Festival Irish Dancers: This is a small, regional community that emerged when Irish folk dancing was added to musical festivals in the late 1920s in Northern Ireland. The folk dancers performed country dances that they had researched during tours of the countryside, but they also adopted the Gaelic League’s step dance and team dance routines. Most festival dance schools belong to the Festival Dance Teacher’s Association, but some are independent. Irish dancing of the festival tradition has evolved slowly in style and in appearance since the 1980s. The musical festivals, FDTA festivals and independent festivals have always attracted a balanced mix of Protestant and Catholic dancers, usually in line with the demographics of the particular area.

Step Dancing: Step dances are dances comprising multiple, often sophisticated, steps.
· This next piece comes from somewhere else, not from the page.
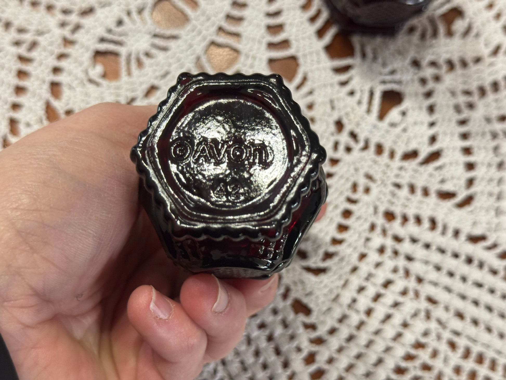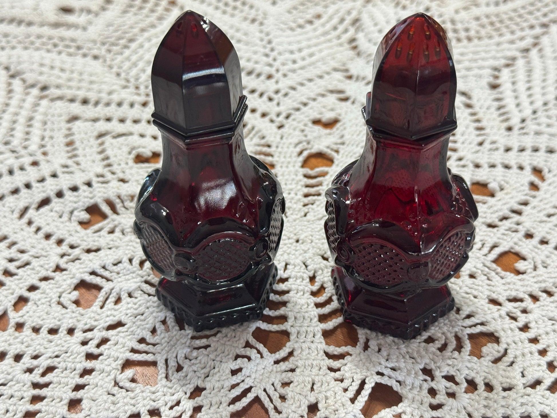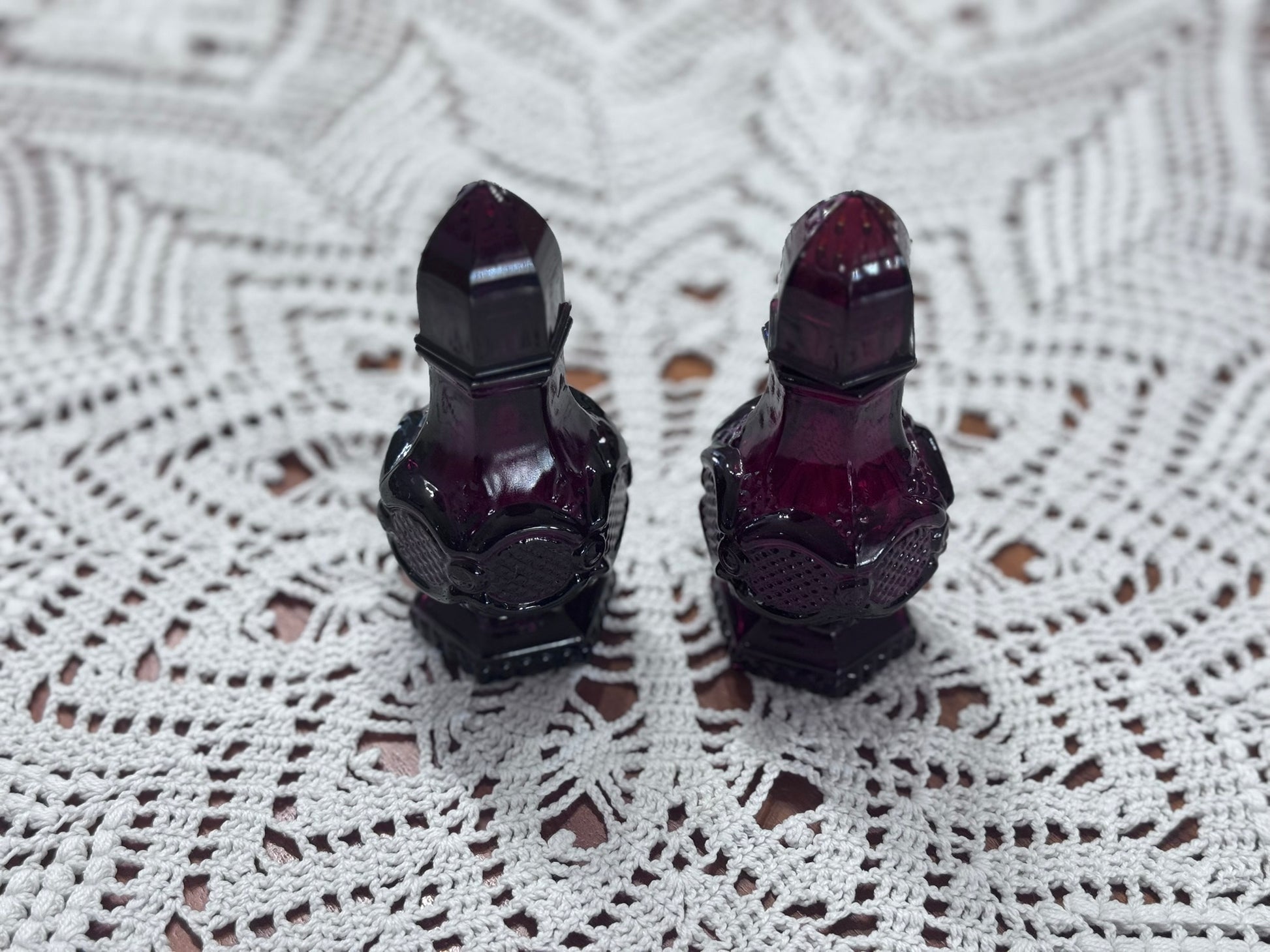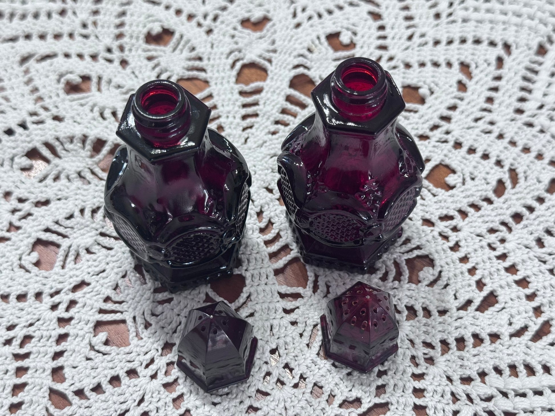 This is a lovely set of marked "AVON" Salt & Pepper Shakers from the 1876 Cape Cod Collection. These beautiful shakers have a ruby red glass base and ruby red plastic tops adding warmth and style to your space.

The term most frequently denotes percussive stepping in hard shoes, but it can also apply to solo dances performed in soft pumps. Few people who dance in the festival tradition use the term ‘step dancing.’ Instead, dances are divided into ‘solo dances’ and ‘team dances’. Solo dances are divided into ‘light’ and ‘heavy’ dances, depending on whether pumps or hard shoes are worn.

Set Dancing: Set dancing is the term that defines the social fireside dances based on the quadrille. These dances were highly popular in the nineteenth century right across Ireland. The quadrille was initially deemed foreign by the Gaelic League, but it was revived in the 1970s. Dances based on the quadrille are also known as old-time dances in Ulster. They include ‘The Lancers’ and ‘The Caledonians.’

A Set Dance: This is a solo heavy dance set to original music and usually performed by experienced, competitive dancers. ‘St. Patrick’s Day,’ ‘The Garden of Daisies,’ ‘The Job of Journeywork,’ ‘The Blackbird,’ ‘Jockey to the Fair,’ are all set dances that date back to the 1800s. Irish dancers in the festival community dance these traditional set dances and also choreograph their own original set dances.